(Activity): Verbatim output of the lines below is required, with the images omitted.

[Stored entries]
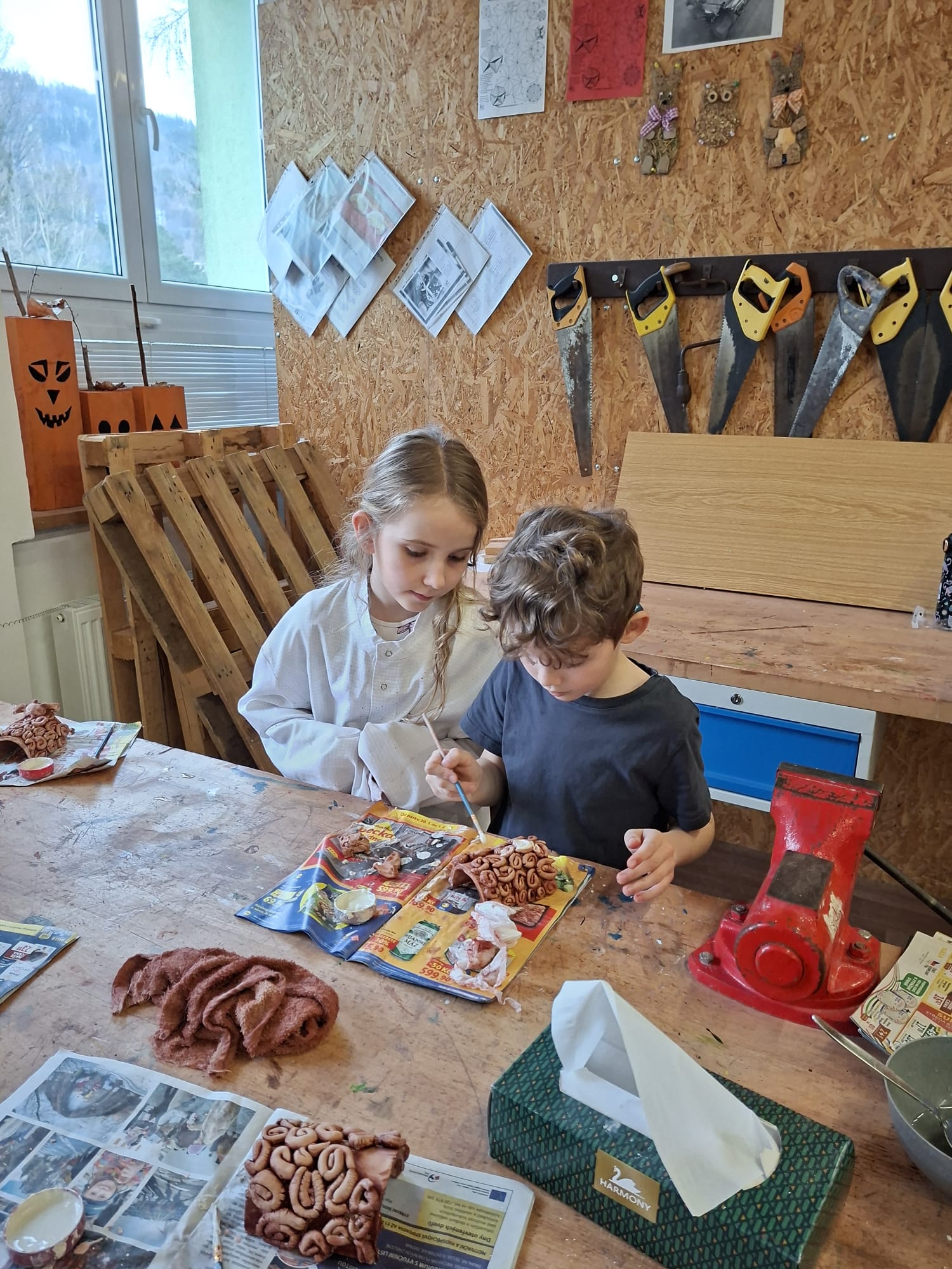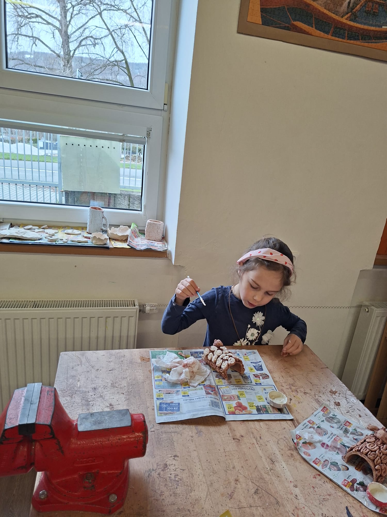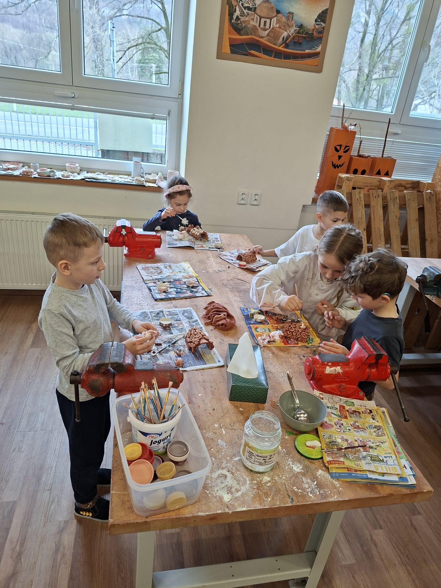 Pro většinu z nich byla práce s hlínou novou zkušeností – děti modelovaly, zkoušely různé tvary, přidávaly detaily a s velkým zaujetím dotvářely každý kousek. Bylo krásné sledovat jejich soustředění, radost i to, jak si navzájem ukazují své nápady.
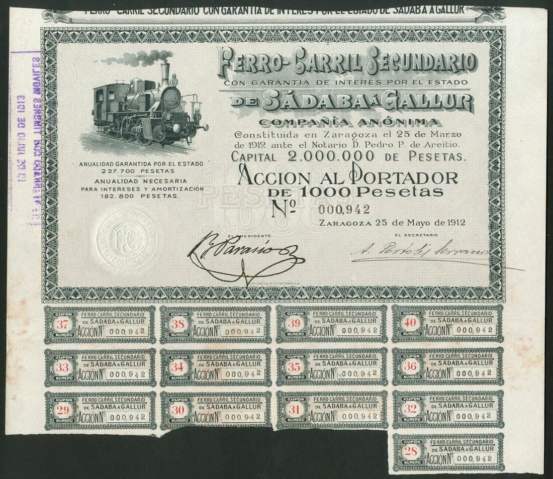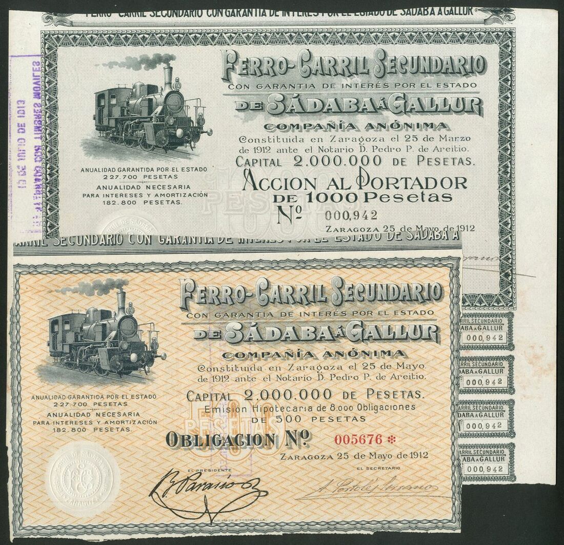 Spain: Ferro-Carril Secundario con Garantia de Interés por el Estado de Sádaba á Gallur, 1000 peseta share, Zaragoza 1912, #942, together with 500 peseta bond, Zaragoza 1912, #5676, similar design with steam train top left, black with blue underprint and yellow underprint respectively, the first with coupons. EF (2).
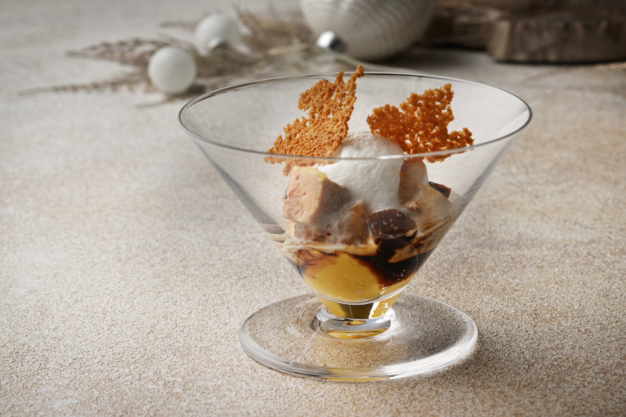 グラスの中にかぼちゃのムース、いちじくの赤ワイン煮、フォアグラのテリーヌが重ねられた一品。縦にスプーンを入れて口に運べば、ローズマリーの香りと共に、フォアグラの濃密な味にいちじくの余韻が重なり、やわらかなかぼちゃがふわりとほどける。食材のひとつひとつが力強く迫ってくる、印象的なアミューズです。
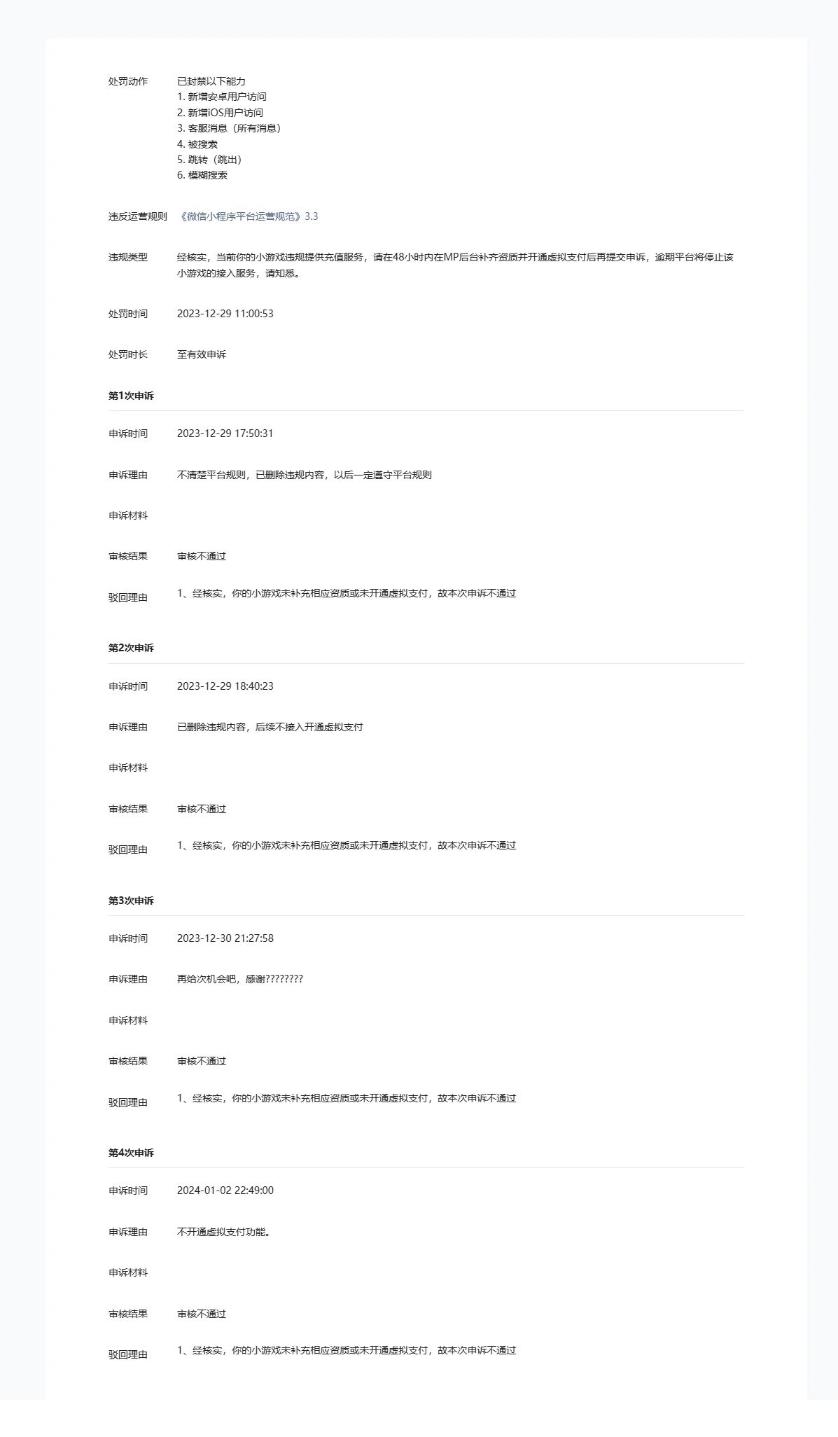 小游戏多次申诉不通过 ,已经去掉了支付功能,不知道还要整改什么
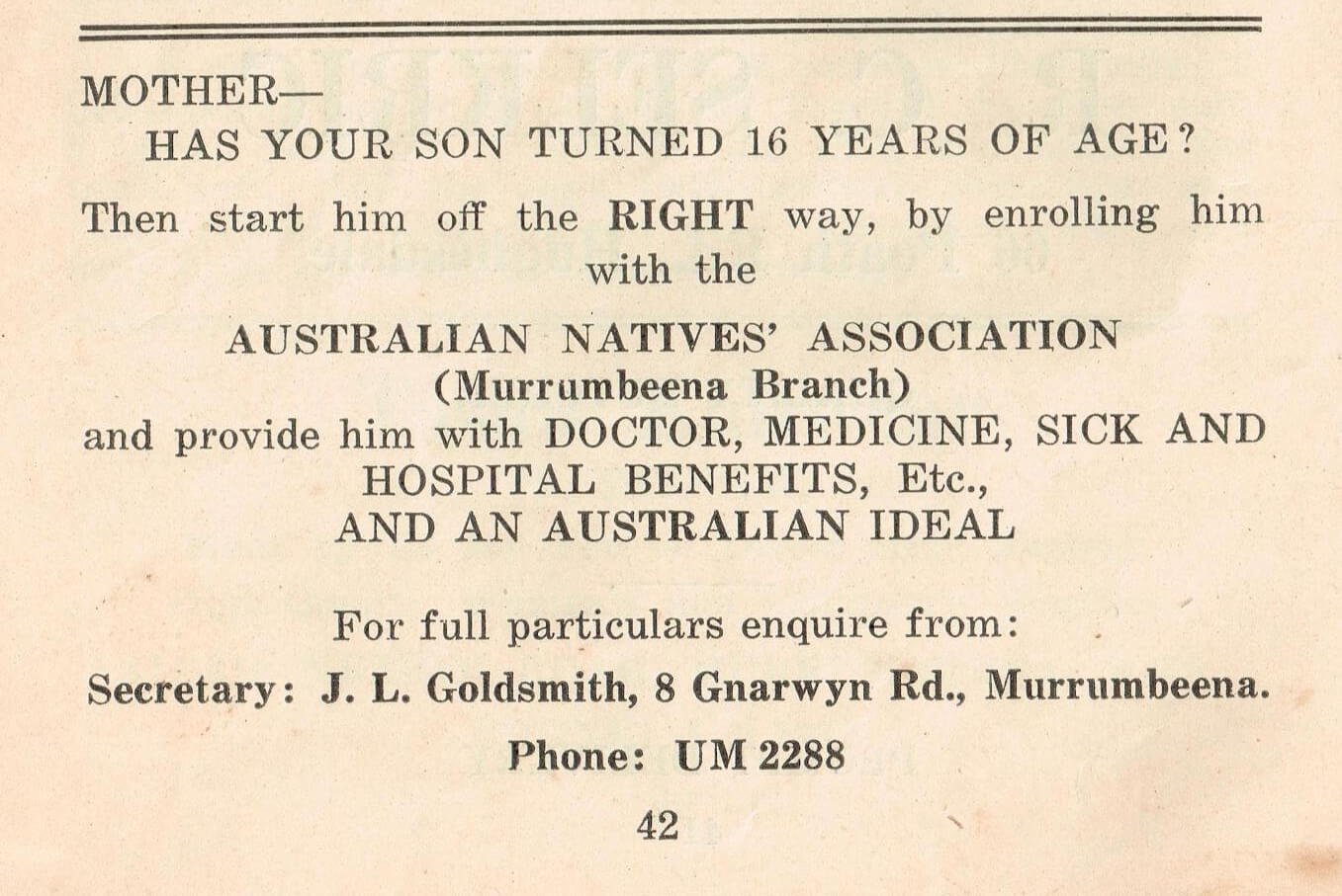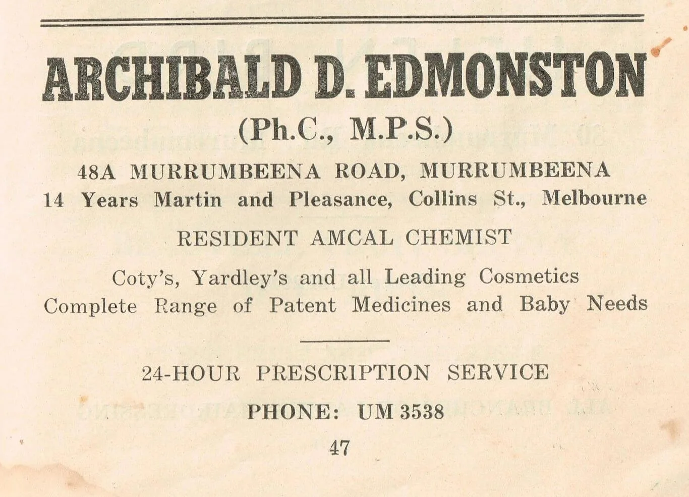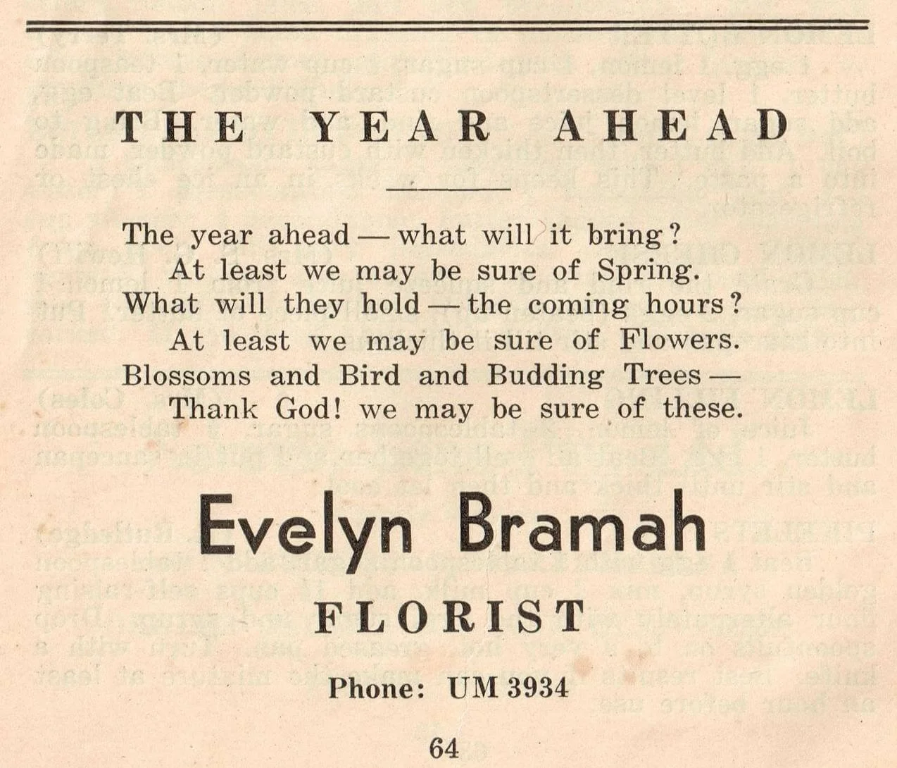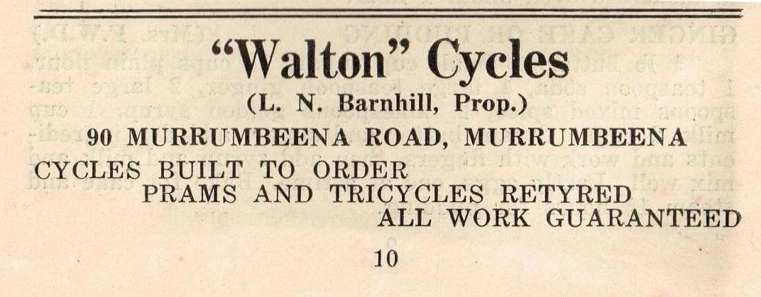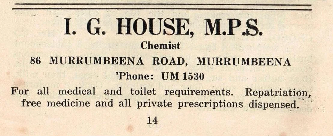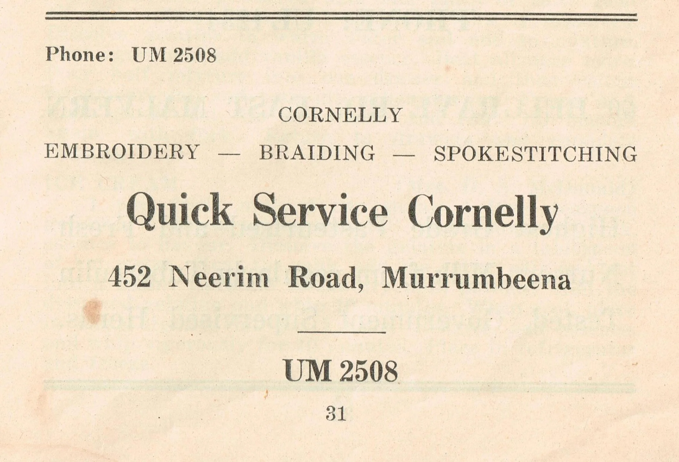 Seventy-five years after its publication, who would have thought that the sponsors’ advertisements would be of as much, if not more interest, than the recipes themselves. They paint a picture of an incredibly vibrant community that, in the small shopping strip based around the intersections of Murrumbeena and Neerim Roads, locals could buy just about everything they required for daily living. In an era with so few owning a car (let alone two) and a distinct lack of large shopping centres, it was women, largely housebound as wives and mothers, (and without the distractions of mobile phones, televisions or the internet), who were the ones who would make their way to Murrumbeena shops. There, they’d meet their friends, catch up on local news and compare notes on their children, before heading home. Is it any wonder that so many older people remember this time in Australia’s history so fondly and as the ‘good old days?’
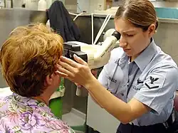 The Fleet Marine Force enlisted warfare specialist device (FMFEWS) is a qualification insignia of the United States Navy earned by enlisted U.S. Navy sailors assigned to the Fleet Marine Force of the U.S. Marine Corps who have successfully completed the requirements of the Enlisted Fleet Marine Force Warfare Specialist (EFMFWS) program per OPNAV Instruction 1414.4B. This involves serving one year with a Marine Corps unit (two years for reserves), passing the Marine physical fitness test (PFT), a written test, demonstrating skills used in service with the Marines such as weapon breakdown and familiarization, land navigation, combat communications and an oral examination by senior enlisted sailors who are FMF qualified. The Enlisted Fleet Marine Force Warfare Specialist designation is most commonly awarded to the hospital corpsman (HM) and religious program specialist (RP) ratings, although it is also awarded to other sailors who support Marine Corps commands (e.g. logistics specialists assigned to medical logistics companies). It was created in 2000.[2][3][4][5]
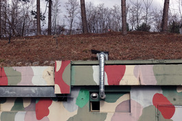 DMZ, South Korea. March 21, 2018. Display of security cameras...

(Output):
 Pro většinu z nich byla práce s hlínou novou zkušeností – děti modelovaly, zkoušely různé tvary, přidávaly detaily a s velkým zaujetím dotvářely každý kousek. Bylo krásné sledovat jejich soustředění, radost i to, jak si navzájem ukazují své nápady.
 Spain: Ferro-Carril Secundario con Garantia de Interés por el Estado de Sádaba á Gallur, 1000 peseta share, Zaragoza 1912, #942, together with 500 peseta bond, Zaragoza 1912, #5676, similar design with steam train top left, black with blue underprint and yellow underprint respectively, the first with coupons. EF (2).
 グラスの中にかぼちゃのムース、いちじくの赤ワイン煮、フォアグラのテリーヌが重ねられた一品。縦にスプーンを入れて口に運べば、ローズマリーの香りと共に、フォアグラの濃密な味にいちじくの余韻が重なり、やわらかなかぼちゃがふわりとほどける。食材のひとつひとつが力強く迫ってくる、印象的なアミューズです。
 小游戏多次申诉不通过 ,已经去掉了支付功能,不知道还要整改什么
 Seventy-five years after its publication, who would have thought that the sponsors’ advertisements would be of as much, if not more interest, than the recipes themselves. They paint a picture of an incredibly vibrant community that, in the small shopping strip based around the intersections of Murrumbeena and Neerim Roads, locals could buy just about everything they required for daily living. In an era with so few owning a car (let alone two) and a distinct lack of large shopping centres, it was women, largely housebound as wives and mothers, (and without the distractions of mobile phones, televisions or the internet), who were the ones who would make their way to Murrumbeena shops. There, they’d meet their friends, catch up on local news and compare notes on their children, before heading home. Is it any wonder that so many older people remember this time in Australia’s history so fondly and as the ‘good old days?’
 The Fleet Marine Force enlisted warfare specialist device (FMFEWS) is a qualification insignia of the United States Navy earned by enlisted U.S. Navy sailors assigned to the Fleet Marine Force of the U.S. Marine Corps who have successfully completed the requirements of the Enlisted Fleet Marine Force Warfare Specialist (EFMFWS) program per OPNAV Instruction 1414.4B. This involves serving one year with a Marine Corps unit (two years for reserves), passing the Marine physical fitness test (PFT), a written test, demonstrating skills used in service with the Marines such as weapon breakdown and familiarization, land navigation, combat communications and an oral examination by senior enlisted sailors who are FMF qualified. The Enlisted Fleet Marine Force Warfare Specialist designation is most commonly awarded to the hospital corpsman (HM) and religious program specialist (RP) ratings, although it is also awarded to other sailors who support Marine Corps commands (e.g. logistics specialists assigned to medical logistics companies). It was created in 2000.[2][3][4][5]
 DMZ, South Korea. March 21, 2018. Display of security cameras...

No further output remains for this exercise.